• _MATERIALS PROVIDED_:
^^^^^^^^

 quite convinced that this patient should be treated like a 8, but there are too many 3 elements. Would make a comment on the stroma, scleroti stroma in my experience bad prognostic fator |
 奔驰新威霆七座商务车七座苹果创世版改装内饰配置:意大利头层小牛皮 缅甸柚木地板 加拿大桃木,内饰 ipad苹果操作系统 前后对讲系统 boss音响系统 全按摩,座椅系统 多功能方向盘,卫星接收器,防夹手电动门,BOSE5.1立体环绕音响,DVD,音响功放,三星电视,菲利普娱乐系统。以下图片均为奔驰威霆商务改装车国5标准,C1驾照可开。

^^^^^^^^

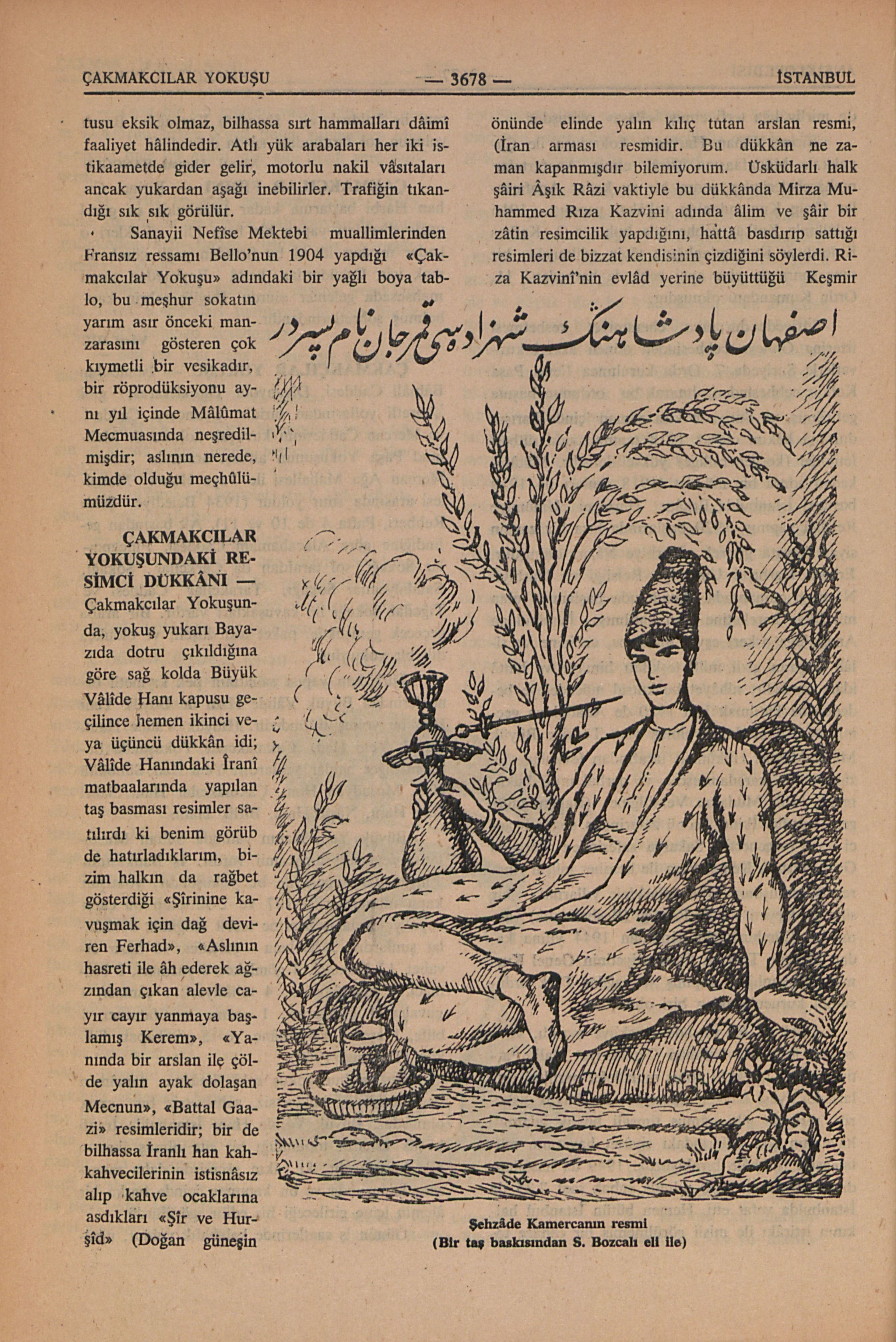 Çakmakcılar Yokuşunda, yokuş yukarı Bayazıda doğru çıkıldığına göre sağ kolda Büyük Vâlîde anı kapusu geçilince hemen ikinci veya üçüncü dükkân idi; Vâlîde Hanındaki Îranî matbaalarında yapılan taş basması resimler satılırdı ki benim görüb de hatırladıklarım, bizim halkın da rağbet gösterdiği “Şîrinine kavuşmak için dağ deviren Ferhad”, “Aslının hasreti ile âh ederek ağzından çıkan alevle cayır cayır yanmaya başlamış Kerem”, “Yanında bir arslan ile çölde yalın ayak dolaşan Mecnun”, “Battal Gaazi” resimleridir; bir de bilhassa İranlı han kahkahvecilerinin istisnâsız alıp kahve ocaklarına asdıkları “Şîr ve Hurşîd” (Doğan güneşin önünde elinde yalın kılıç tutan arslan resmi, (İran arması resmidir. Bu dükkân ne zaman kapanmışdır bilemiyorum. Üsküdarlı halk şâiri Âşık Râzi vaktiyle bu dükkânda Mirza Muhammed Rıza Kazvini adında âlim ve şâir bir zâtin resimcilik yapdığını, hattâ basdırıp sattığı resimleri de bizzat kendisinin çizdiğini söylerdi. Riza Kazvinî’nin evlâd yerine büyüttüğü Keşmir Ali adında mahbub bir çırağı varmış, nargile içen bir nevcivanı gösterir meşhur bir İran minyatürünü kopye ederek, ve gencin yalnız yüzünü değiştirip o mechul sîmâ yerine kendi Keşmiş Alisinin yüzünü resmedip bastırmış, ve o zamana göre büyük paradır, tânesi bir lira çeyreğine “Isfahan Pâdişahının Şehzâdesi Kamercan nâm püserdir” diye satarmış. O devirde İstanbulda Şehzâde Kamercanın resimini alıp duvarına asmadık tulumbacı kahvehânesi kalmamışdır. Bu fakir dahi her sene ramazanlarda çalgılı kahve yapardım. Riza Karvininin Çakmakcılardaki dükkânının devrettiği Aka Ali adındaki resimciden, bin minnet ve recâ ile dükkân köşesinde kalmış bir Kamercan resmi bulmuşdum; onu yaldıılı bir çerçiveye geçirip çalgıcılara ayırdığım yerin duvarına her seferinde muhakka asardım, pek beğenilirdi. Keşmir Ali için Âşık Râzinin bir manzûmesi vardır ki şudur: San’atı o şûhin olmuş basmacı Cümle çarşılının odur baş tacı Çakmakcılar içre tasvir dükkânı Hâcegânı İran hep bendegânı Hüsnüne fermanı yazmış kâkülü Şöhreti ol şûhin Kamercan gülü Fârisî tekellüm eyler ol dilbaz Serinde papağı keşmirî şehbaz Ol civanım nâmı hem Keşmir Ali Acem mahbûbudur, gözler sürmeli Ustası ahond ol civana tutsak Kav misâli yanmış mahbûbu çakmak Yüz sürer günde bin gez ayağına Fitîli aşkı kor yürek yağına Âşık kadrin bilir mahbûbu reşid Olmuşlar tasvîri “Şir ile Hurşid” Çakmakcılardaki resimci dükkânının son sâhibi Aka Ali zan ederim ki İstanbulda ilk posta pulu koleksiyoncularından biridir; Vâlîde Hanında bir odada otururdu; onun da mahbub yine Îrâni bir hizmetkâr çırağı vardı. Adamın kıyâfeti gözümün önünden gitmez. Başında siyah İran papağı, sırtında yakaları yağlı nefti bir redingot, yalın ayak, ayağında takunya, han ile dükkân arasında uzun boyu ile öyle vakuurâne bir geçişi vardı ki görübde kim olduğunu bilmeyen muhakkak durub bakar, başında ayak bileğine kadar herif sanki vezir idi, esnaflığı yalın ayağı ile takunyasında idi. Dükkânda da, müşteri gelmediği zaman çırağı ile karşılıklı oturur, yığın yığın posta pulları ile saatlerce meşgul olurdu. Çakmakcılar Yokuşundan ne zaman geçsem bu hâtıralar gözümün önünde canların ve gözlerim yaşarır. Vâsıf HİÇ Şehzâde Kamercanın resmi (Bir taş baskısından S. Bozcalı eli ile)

^^^^^^^^

• _WORK ORDER_: Look above for the line holding "quite convinced that". Print it and every line after it, exactly, through the line holding "奔驰新威霆七座商务车七座苹果创世版改装内饰配置:意大利头层小牛皮 缅甸柚木地板 加拿大桃木,内饰".

• _TASK OUTPUT_:
 quite convinced that this patient should be treated like a 8, but there are too many 3 elements. Would make a comment on the stroma, scleroti stroma in my experience bad prognostic fator |
 奔驰新威霆七座商务车七座苹果创世版改装内饰配置:意大利头层小牛皮 缅甸柚木地板 加拿大桃木,内饰 ipad苹果操作系统 前后对讲系统 boss音响系统 全按摩,座椅系统 多功能方向盘,卫星接收器,防夹手电动门,BOSE5.1立体环绕音响,DVD,音响功放,三星电视,菲利普娱乐系统。以下图片均为奔驰威霆商务改装车国5标准,C1驾照可开。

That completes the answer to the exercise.